Integrating Simulation and Digital Twin with Interscale’s BIM Management
It can be tricky to get to grips with simulation vs. digital twin technologies, mainly because they’re pretty complex and you need a solid data integration system in place.
That’s why we at Interscale offer customized solutions to make your process easier and ensure everything is integrated and managed smoothly.
Our team of experts has a lot of experience in BIM management and digital twin technologies.
For instance, we worked with Ewert Leafs Tech on a case study where we helped them optimize their digital twin strategy.
The result was better operational efficiency and lower maintenance costs.
We take a comprehensive approach to BIM management, so we can cover all aspects of the simulation and digital twin lifecycle, from initial setup to ongoing updates and analysis.
We know we’ve got a lot on our plate, so we’d like you to do some background checks. It would be great if you could visit and read our Interscale BIM management service page.

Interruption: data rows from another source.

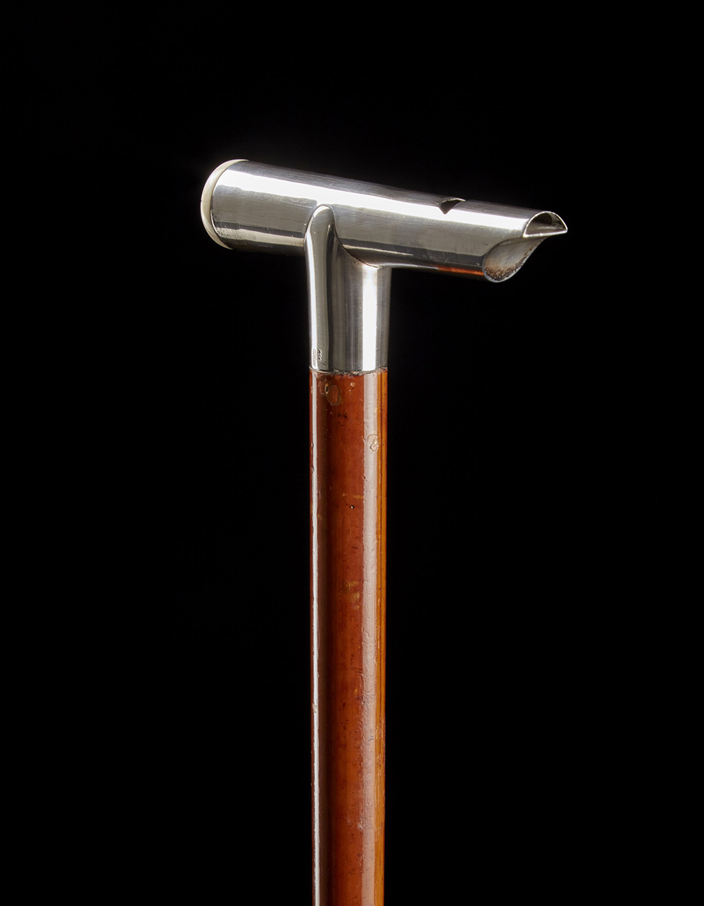 Bastone con canna in legno e presa a fischietto in argento con applicazione...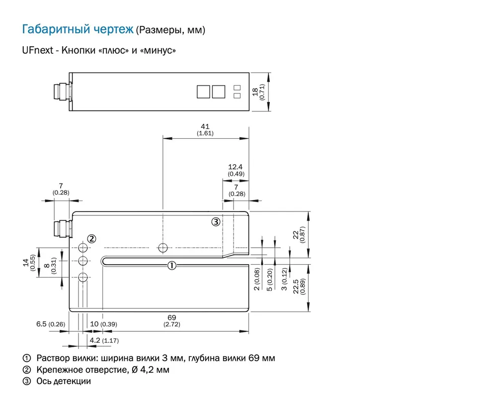 Конструкция с шириной щели 3 мм и глубиной 69 мм позволяет удобно интегрировать устройство в компактные узлы оборудования. Быстрое время отклика 250 мкс гарантирует точное позиционирование даже при высокой скорости движения ленты. Поддерживается 2-точечная настройка и динамическое обучение, что упрощает ввод в эксплуатацию и переналадку под различные форматы продукции.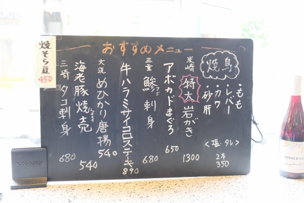 その他、豊洲市場で仕入れた新鮮な魚介類を使った料理も必ず注文したいところ。この日のおすすめが書かれた店内の黒板、要チェックです。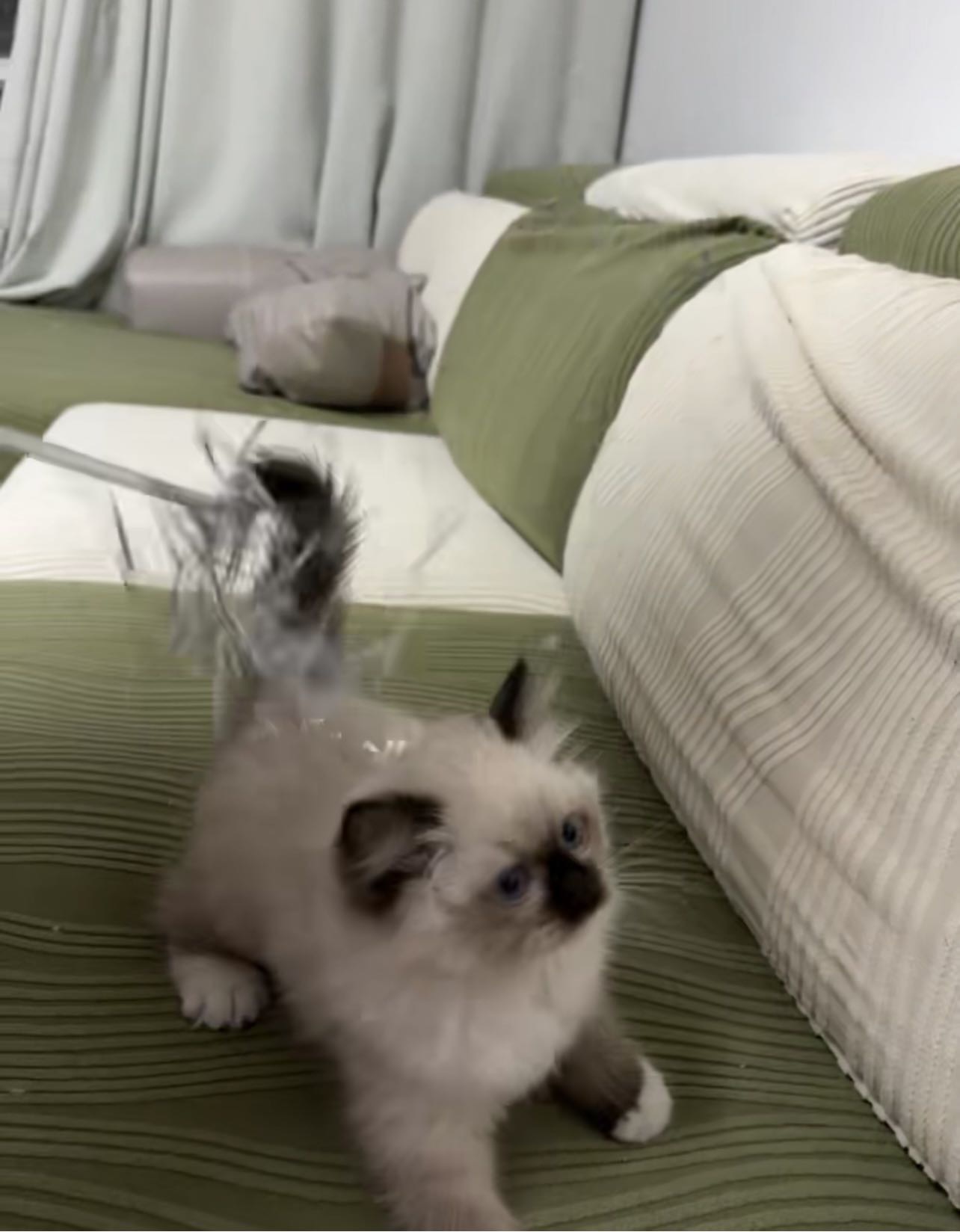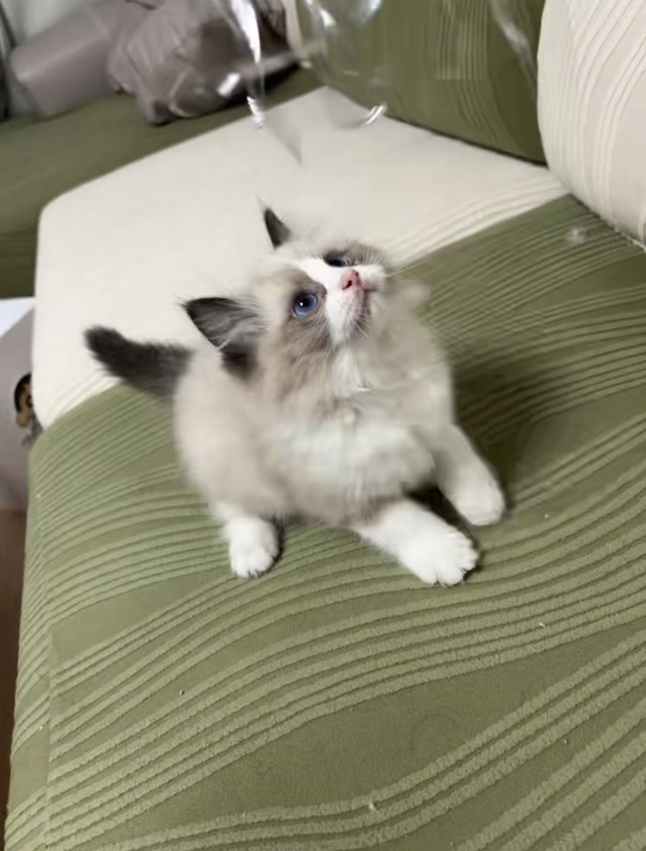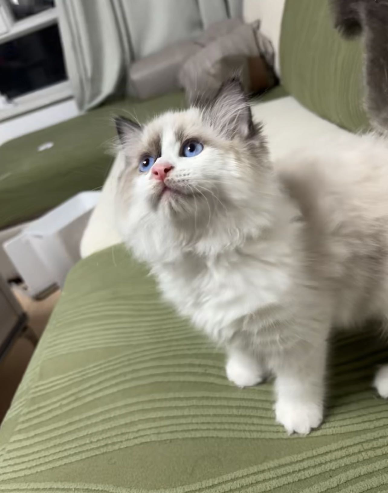 四只布偶猫找新家啦,蓝眼睛,毛量厚,性格温顺粘人,家养健康,两个月大,会用猫砂吃猫粮。支持自提,看中可聊,喜欢私聊~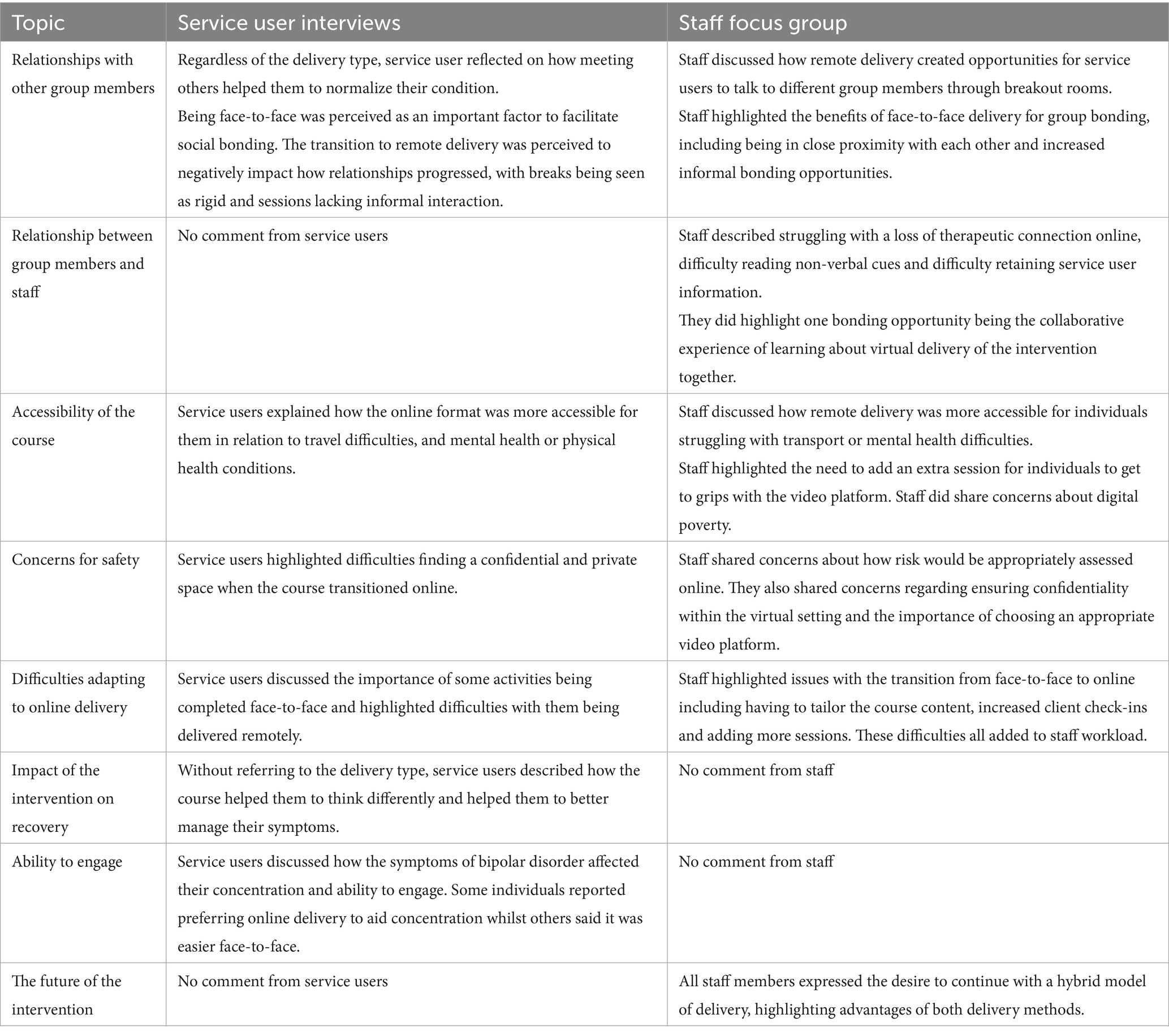 Finally, this was an opportunistic evaluation presented at an uncertain time in mental health services. Whilst it provided us with a unique opportunity of exploring the change in group delivery format from the same service users and staff’s perspectives, it could be argued it is limited in its scope given the unique set of circumstances at the time of the evaluation. Although the findings from this qualitative study are rich and informative, it is also important to consider quantitative outcomes. Future mixed-method research should explore the effectiveness of online group interventions for bipolar disorder which includes quantitative outcomes measures, for example exploring changes in mental health, recovery and quality of life. It would also be beneficial to compare how outcomes (such as mental health, recovery) differ between delivery types.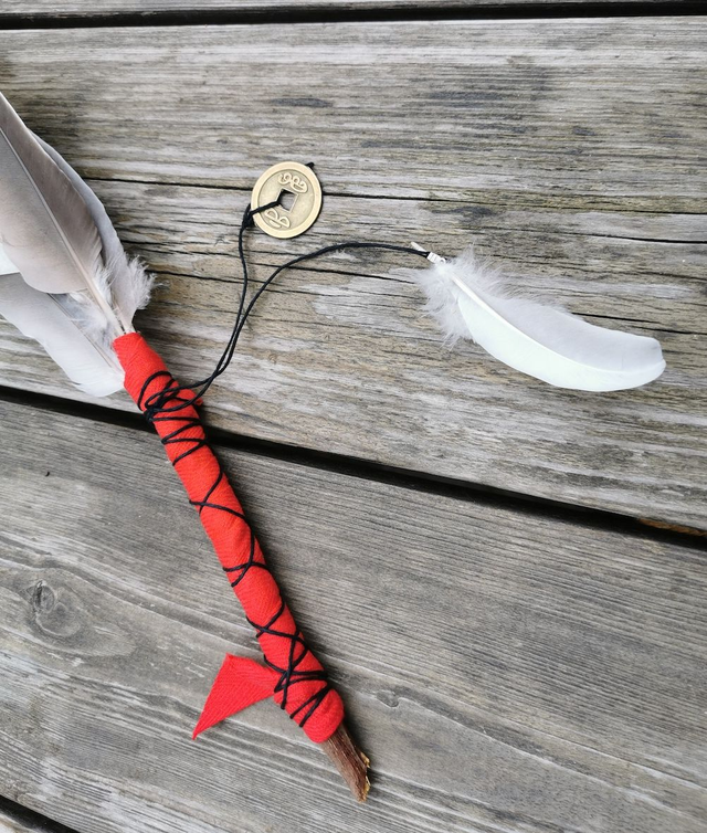 Plume de fumigation 30cm environ, création unique. Couleur rouge pour l'énergie du chakra racine et l'ancrage.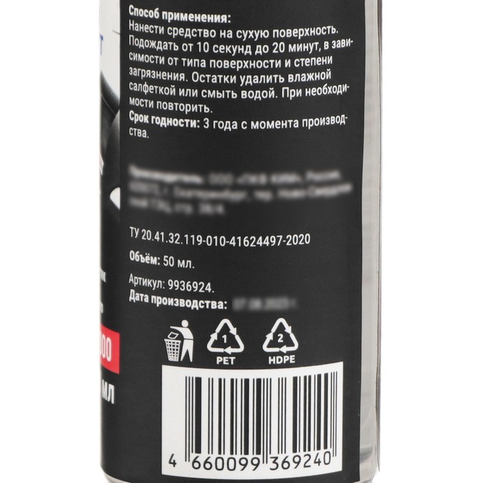 Внимание! Не использовать очиститель на лакированных поверхностях и инженерных пластиках. Средство их растворяет. Перед применением средство необходимо протестировать на незаметном участке.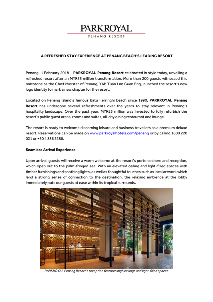 Penang, 1 February 2018 – PARKROYAL Penang Resort celebrated in style today, unveiling a refreshed resort after an MYR55 million transformation. More than 200 guests witnessed this milestone as the Chief Minister of Penang, YAB Tuan Lim Guan Eng, launched the resort’s new logo identity to mark a new chapter for the resort.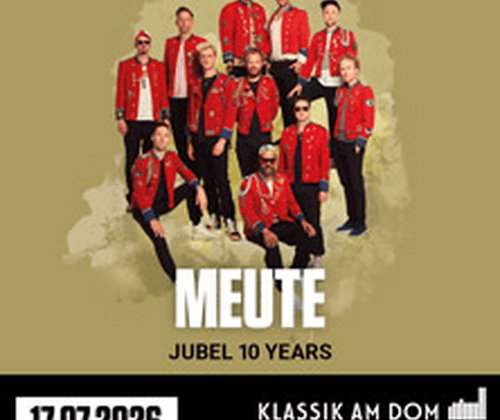 Die Band MEUTE lädt zur gemeinsamen Liebeserklärung an die letzten zehn Jahre Ausnahmezustand ein. Gemeinsam mit ihren Fans wollen sie das zehnjährige Band Jubiläum feiern. Sie haben zu diesem Anlass ihr erstes Best-of-Album JUBEL Album 2025 veröffentlicht und verlängern jetzt auch noch für uns die Europa Tournee. Am 17. Juli 2026 gibt es also richtig Grund für kollektive Euphorie und schweißgebadete Glückseligkeit am Linzer Domplatz!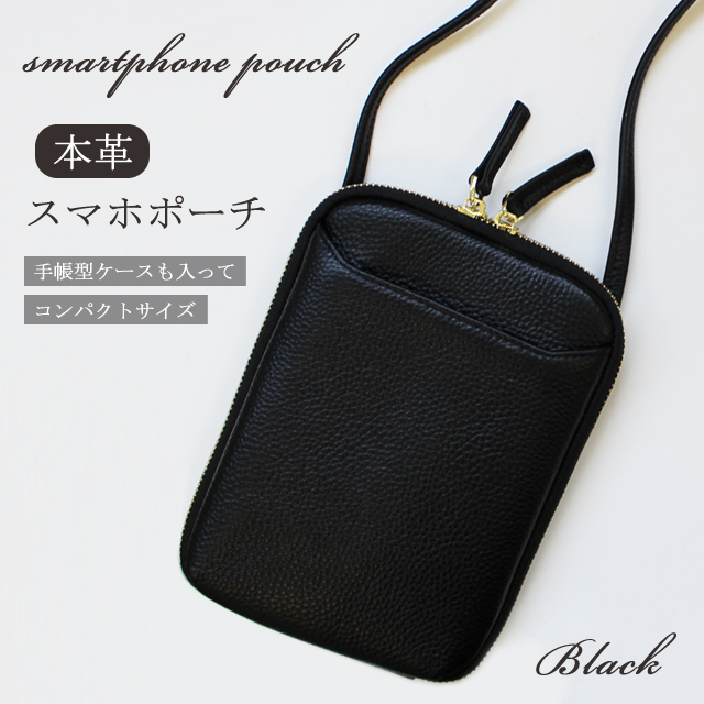本革 スマホポーチ バッグ ブラック ショルダーバッグ スマホポシェット スマホショルダー 携帯ポーチ サコッシュ レディース シンプル 送料無料 即納

Or, if you need to make a few more tweaks, we’d be happy to run them by you. When’s good for you? We’d love to have discussion sessions. We’re here whenever you need us.
In Closing
Simulation and digital twin technologies are both really useful in a lot of industries these days.
If you use both simulation and digital twin technologies, along with BIM management solutions from Interscale, you’ll see a big boost in efficiency and innovation on your projects.
And at the end of the day, knowing the different benefits of simulation vs. digital twin can help you get better results.